As I write this, Christmas has yet to arrive but Santa has already been making his rounds, doling out lumps of coal to all the naughty crypto kiddies who thought they were above the law. Lo and behold, it seems that I was right all along. There is no need for bespoke regulations, because digital assets are already covered under the same laws—civil and criminal—that govern other financial instruments.

Having predicted that this crackdown was imminent in last year’s article, I’m even more confident in my predictions for how the next 12 months will unfold.

First, the issuing of civil complaints and criminal indictments in the U.S. and other jurisdictions is by no means over. There are some major bad actors still roaming free, wreaking havoc, foolishly convinced of their own untouchability.

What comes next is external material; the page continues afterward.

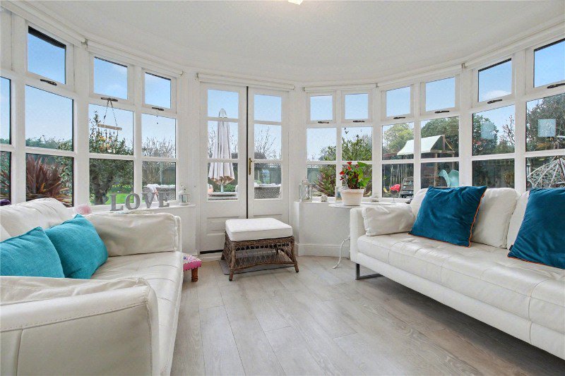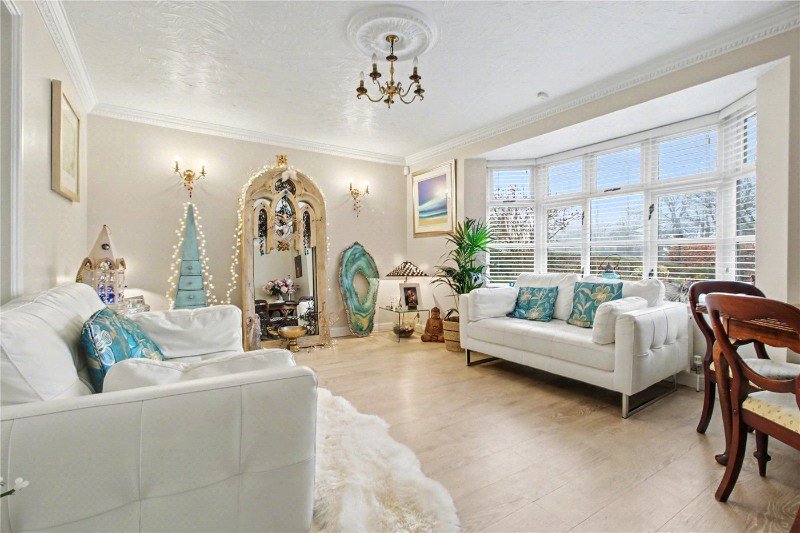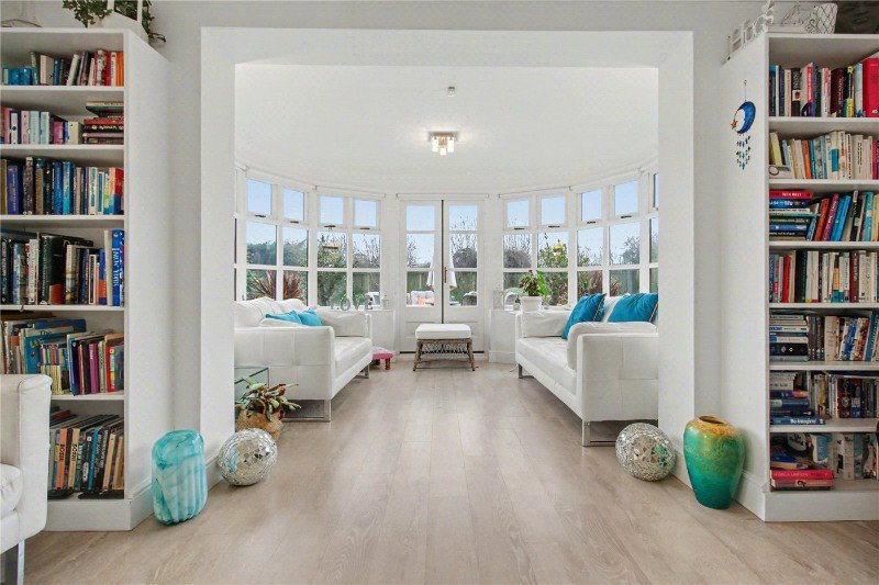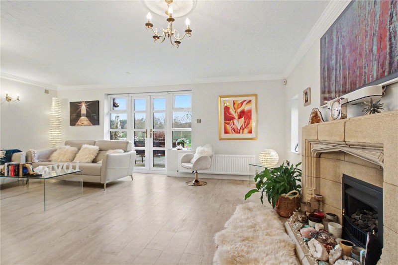 At the rear of the property, the principal reception room provides an elegant yet comfortable setting for everyday living, centred around a handsome stone fireplace and with double doors opening out onto the garden — perfect for extending gatherings outdoors during the warmer months. A further family room to the front offers a versatile additional living space, ideal as a snug, media room or a more informal sitting room.

Some of these same bad actors are involved in projects fundamental to both the continuation of the sham ‘crypto’ economy and the criminal networks that rely on lax regulatory oversight to fund their activities.

This includes U.S. exchanges Coinbase (NASDAQ: COIN) and Kraken, both of which continue to engage in questionable tactics, including their embrace of the controversial Tether stablecoin. The CEOs of these exchanges appear convinced that their lobbying cash and the desire by some federal pols to favor domestic operators at the expense of international entities will keep them safe from harm. Famous last words.

The recent $4.3 billion settlement between U.S. federal authorities, Binance and its founder Changpeng Zhao includes five years of unrestricted monitoring of Binance’s future transactions. Criminals might find other exchanges willing to look the other way but, with U.S. political figures now signalling an imminent crackdown on U.S. dollar-denominated stablecoins—Tether, FDUSD, Justin Sun’s various unbacked tokens, etc.—the fuel that feeds the crypto crime engine will be drained from the tank.

The impact of this long overdue smackdown will be profound. It will be like a rapid decompression event in an orbiting space station, robbing exchanges of the oxygen on which their operations depend and complicating efforts by customers looking to convert their utility-free casino chips into cash.

Enterprise adoption

The purge of blockchain’s bad actors will finally extinguish the prevalent ‘number go up’ mantra in favor of a new focus on utility. Enterprises will finally see the signal that has always been lurking behind all that ‘crypto’ criminal noise. And as more and more enterprises explore blockchain’s potential, others will follow.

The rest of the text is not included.